[llvm-branch-commits] [llvm] 68d6fe5 - [X86][CodeGen] Prefer KMOVkk_EVEX than KMOVkk when EGPR is supported (#74048)
via llvm-branch-commits
llvm-branch-commits at lists.llvm.org
Mon Dec 4 11:02:40 PST 2023
Author: Shengchen Kan
Date: 2023-12-02T22:43:02+08:00
New Revision: 68d6fe508ce1fb2a70220975036d267f564fe54d
URL: https://github.com/llvm/llvm-project/commit/68d6fe508ce1fb2a70220975036d267f564fe54d
DIFF: https://github.com/llvm/llvm-project/commit/68d6fe508ce1fb2a70220975036d267f564fe54d.diff
LOG: [X86][CodeGen] Prefer KMOVkk_EVEX than KMOVkk when EGPR is supported (#74048)

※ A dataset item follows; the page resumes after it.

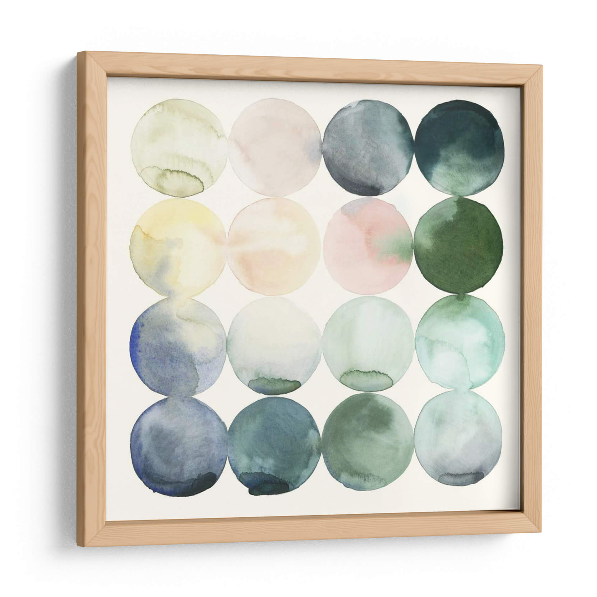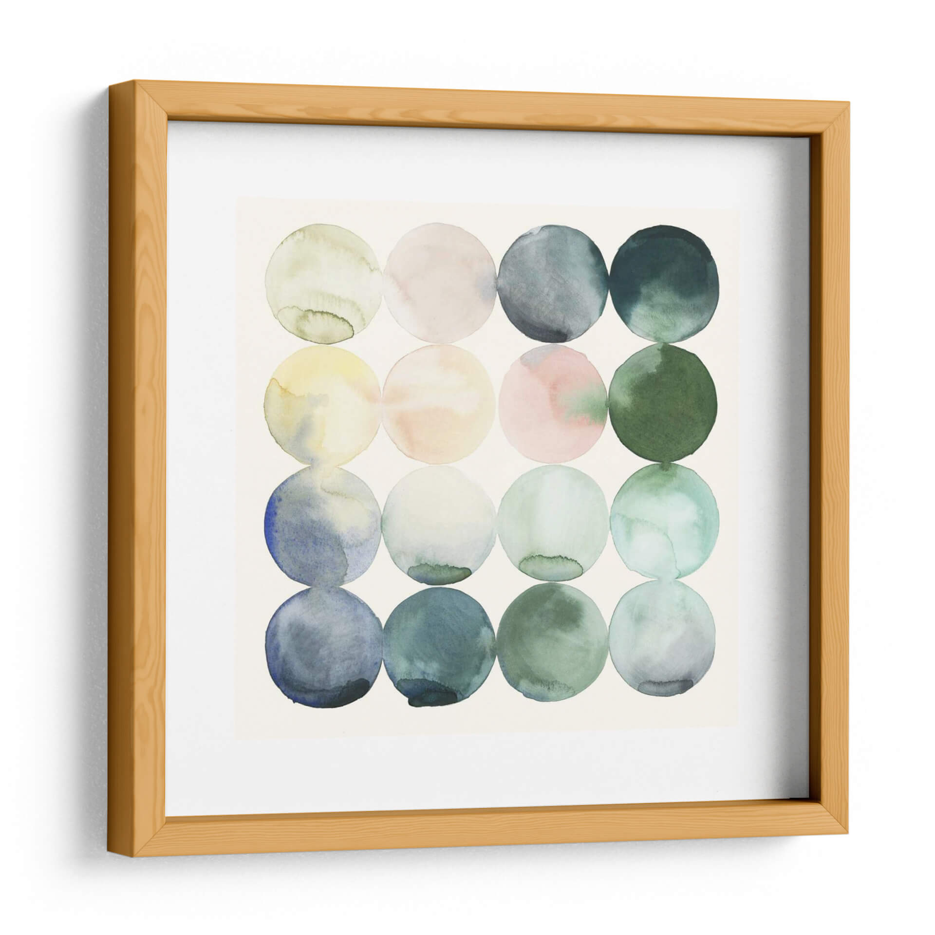 Sumérgete en la serenidad visual de "Hoops Pastel II", una cautivadora obra de arte de Grace Popp que transforma tu espacio con su delicada paleta y composición armoniosa. Este cuadro decorativo presenta una cuadrícula de círculos suaves, cada uno bañado en tonos pastel que varían desde el azul pálido y el verde menta hasta el rosa empolvado y el amarillo suave, evocando una sensación de calma y equilibrio. La técnica de acuarela, con sus transiciones fluidas y bordes etéreos, añade una dimensión de ligereza y sofisticación. La disposición geométrica de los círculos crea un ritmo visual sutil pero atractivo, perfecto para añadir un toque de arte contemporáneo a cualquier habitación. Ideal para dormitorios, salas de estar o estudios, este cuadro decorativo de estilo abstracto invita a la contemplación y al relax. Su paleta de colores suaves lo convierte en un complemento versátil para diversas decoraciones, desde las más minimalistas hasta las bohemias. "Hoops Pastel II" no es solo una pieza decorativa, es una invitación a la tranquilidad y a la apreciación de la belleza sutil del color y la forma. Transforma tu hogar en un oasis de paz con esta obra maestra que irradia serenidad y estilo contemporáneo.

In memory fold table, we have
```
{X86::KMOVDkk, X86::KMOVDkm, 0},
{X86::KMOVDkk_EVEX, X86::KMOVDkm_EVEX, 0}
```
where `KMOVDkm_EVEX` can use EGPR as base and index registers, while
`KMOVDkm` can't. Hence, though `KMOVkk` does not have any GPR operands,
we prefer to use `KMOVDkk_EVEX` to help register allocation.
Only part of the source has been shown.